Quantum Optimal Transport for Tensor Field Processing

TL;DR

This paper introduces a quantum-inspired optimal transport framework for tensor fields, utilizing quantum entropy and a quantum Sinkhorn algorithm to efficiently compute transport plans and barycenters with applications in imaging and texture synthesis.

Contribution

It presents a novel quantum optimal transport formulation for tensor fields, including a regularized convex optimization approach and an extension of Sinkhorn algorithm to the quantum setting.

Findings

Efficient quantum Sinkhorn algorithm for tensor field transport

Successful application to imaging and texture synthesis tasks

New method generalizes classical OT to PSD matrix-valued measures

Abstract

This article introduces a new notion of optimal transport (OT) between tensor fields, which are measures whose values are positive semidefinite (PSD) matrices.
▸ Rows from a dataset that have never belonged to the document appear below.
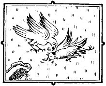 «Рассказывают, что пара голубей наполнила свое гнездо зернами ячменя и пшеницы. И голубь сказал голубке: «Если мы найдем в степи пищу, то не будем трогать наших запасов, а когда придет зима и все травы и семена иссохнут или сгниют под ливнем, мы вернемся в наше гнездо и съедим ячмень и пшеницу». И голубка, согласившись с мнением своего супруга, сказала: «Ты хорошо придумал». Когда голуби принесли зерно и сложили его в гнездо, оно было еще сырое. Весной голубь улетел далеко в степь, покинув в гнезде голубку, и пробыл вдали от своего дома до наступления лета. Тем временем под горячими лучами солнца зерно высохло, как будто его стало вдвое меньше. Вернувшись, голубь увидел, что зерна не хватает, и, обратившись к голубке, крикнул, рассерженный: «Разве мы не договорились не есть зерно и не трогать наших запасов? Почему же ты съела половину?» Голубка клялась, что не коснулась заветных запасов, плакала и рыдала, но голубь не поверил ее рыданиям и клятвам и заклевал ее до смерти. На следующий день небо затянуло тучами и пошел сильный дождь, зерно вобрало в себя влагу и разбухло, так что его стало столько же, как было прежде. Увидев это, голубь понял, что несправедливо убил свою верную подругу, и раскаялся. Он лег рядом с телом мертвой голубки и сказал: «Ни к чему мне ячмень и пшеница, и зачем мне жить, если я позову тебя, а ты не отзовешься, и я ничего не смогу с этим сделать! Стоит мне подумать о тебе, как меня гложет воспоминание о том, как я был несправедлив, погубив тебя безвинно, но мне не под силу исправить свою ошибку, искупить вину и вернуть то, что миновало». Голубь долго печалился и грустил, не ел ни зернышка и не пил воды, пока не умер, лежа рядом со своей голубкой.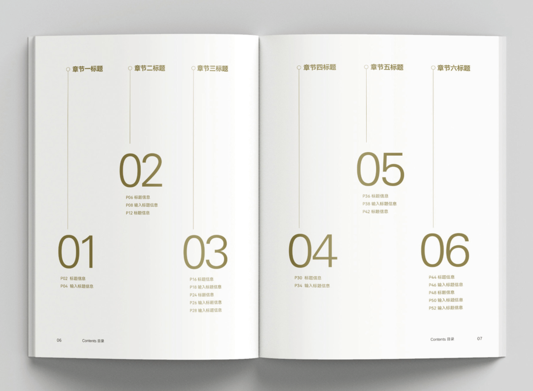 如果畫冊包含大量內容,提供目錄能起到檢索和預覽畫冊內容的功能,有助于讀者快速定位到感興趣的內容。目錄一般被安排在扉頁之后。目錄的設計應當清晰明了、簡潔大氣,并具備正確的視覺引導流程。以下是目錄頁設計的主要編排形式。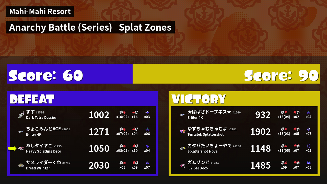 | Mode | Splat Zones - Anarchy Battle (Series) | ||

This "quantum" formulation of OT (Q-OT) corresponds to a relaxed version of the classical Kantorovich transport problem, where the fidelity between the input PSD-valued measures is captured using the geometry of the Von-Neumann quantum entropy. We propose a quantum-entropic regularization of the resulting convex optimization problem, which can be solved efficiently using an iterative scaling algorithm. This method is a generalization of the celebrated Sinkhorn algorithm to the quantum setting of PSD matrices. We extend this formulation and the quantum Sinkhorn algorithm to compute barycenters within a collection of input tensor fields. We illustrate the usefulness of the proposed approach on applications to procedural noise generation, anisotropic meshing, diffusion tensor imaging and spectral texture synthesis.